You know the saying. “Don’t look back.” “The past is past.”
Even Tony Robbins, life coach extraordinaire says, “Everybody’s got a past. The past does not equal the future unless you live there.”
In fact, if you type ‘Don’t dwell’ into Google it automatically fills in the rest of the sentence for you… ‘Don’t dwell on the past’.
But wait there’s more. The Bible states “Do not call to mind the former things, or ponder things of the past.” (Isaiah 43:18).
Yep, it seems that the verdict is unanimous. The past does not deserve your time or attention.
Well I beg to differ. In fact I think sometimes you have to go back in order to move forward.

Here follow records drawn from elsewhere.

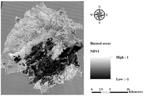 - Λέξεις κλειδιά : Δασική πυρκαγιά · Μεσογειακό οικοσύστημα · Δείκτης κανονικοποιημένης διαφοράς βλάστησης · Ανάλυση κύριων συνιστωσών · Χρονολογική ανάλυση
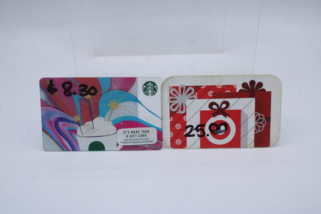 Get a great deal with this online auction presented by PropertyRoom.com on behalf of a law enforcement or public agency client. - Store: Starbucks ($20.05, 8.30, 2.50), Target ($25), Chevron ($4.17) Bed bath & beyond ($5.82)
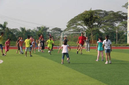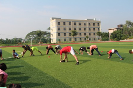 7月25日上午第一节课是足球课,吃罢早饭,支教队老师乔治早早就来到操场,准备好足球课上要用的器材。不一会儿,孩子们便蹦蹦跳跳地来到操场,围着这位外国大哥哥,叽叽喳喳说个不停。孩子们集合完毕,乔治老师先带领大家做热身运动,然后将孩子们分成三个小队,开始了课前游戏环节。接力跑、带球接力跑、八字形接力跑,乔治老师循序渐进的教学让孩子们渐入佳境,“快跑!快踢!”一时间,加油声,欢呼声此起彼伏,仿佛这个夏日里最跃动的音符。游戏环节之后,乔治老师根据年级将孩子们分成低年组和高年组开始正式比赛。随着老师的一声令下,孩子们或奔跑,或防守,各司其职,操场上一片热火朝天,虽然一个个汗流浃背,但劲头却丝毫不减。经过一番激烈的角逐,最终高年组以2:0胜出。但此时对孩子们来说,输赢已经不重要,一起跑,一起笑,相互合作,彼此快乐,这就是他们最大的乐趣。

My childhood was spent in Hobart, Tasmania. I don’t have many good memories apart from time spent with Chris, my childhood friend at her farm. I lived for those weekends when I stayed over at her house and rode horses all weekend. Staying with her family gave me the sense of what living with a ‘normal’ family was like. One without alcohol, screaming and walking on eggshells. In some ways, knowing the difference made it harder to live with, but those weekends with Chris got me through.
I left when I met my future husband (now ex husband) and moved to the mainland to start a new life full of possibility. But whilst we set about making new memories and a new family, my heart mourned the loss. I left everything behind. I lost contact with all my friends simply because I just could not deal with the pain.
Time moved on. I ceased contact with my family and felt better for it. I had a new family now and was determined they have the life I never had.
Cue twenty-five years later – Aged 51, a single mum, 2 teenage girls and a journalism degree later – when I realised my memories were stopping me from living. One of my favourite sayings is ‘life lived in fear is a life half lived’ and I was not walking the talk. At. All
Weird things started happening on social media. I got a friend request from my childhood sweetheart of six years. We got in contact and started talking. Then I found my friend Chris on Facebook and from there the avalanche started.
I began to realise that the universe was nudging me ever so gently to make the trip. It was time and far be it for me to ignore the universe because that never ends well!
In 2015 my oldest daughter and I made the visit and stayed for a week. We booked a tour around my old Catholic school only to find out the tour guide was one of my classmates! Neither of us could quite believe it!
That week opened my heart again and I was able to make new memories with my daughter in the town that once held nothing but bad memories. Since that trip I have found many other old school friends via Facebook (thanks Mark Z J) and I am no longer living in fear with the memories of what once was.
Now I choose to remember the possibilities and look forward to my next trip. Rather than close the book, I have turned a new page.
Now don’t get me wrong. This decision to go back wasn’t without bone chilling fear. And I knew my family no longer lived there, so I felt safe but still it was still difficult.
Making peace with the past now means the future is no longer a battle. A new page has been written.
“To build up a future, you have to know the past.” (Otto Frank 1967)
Tell me, do you have a similar story to share?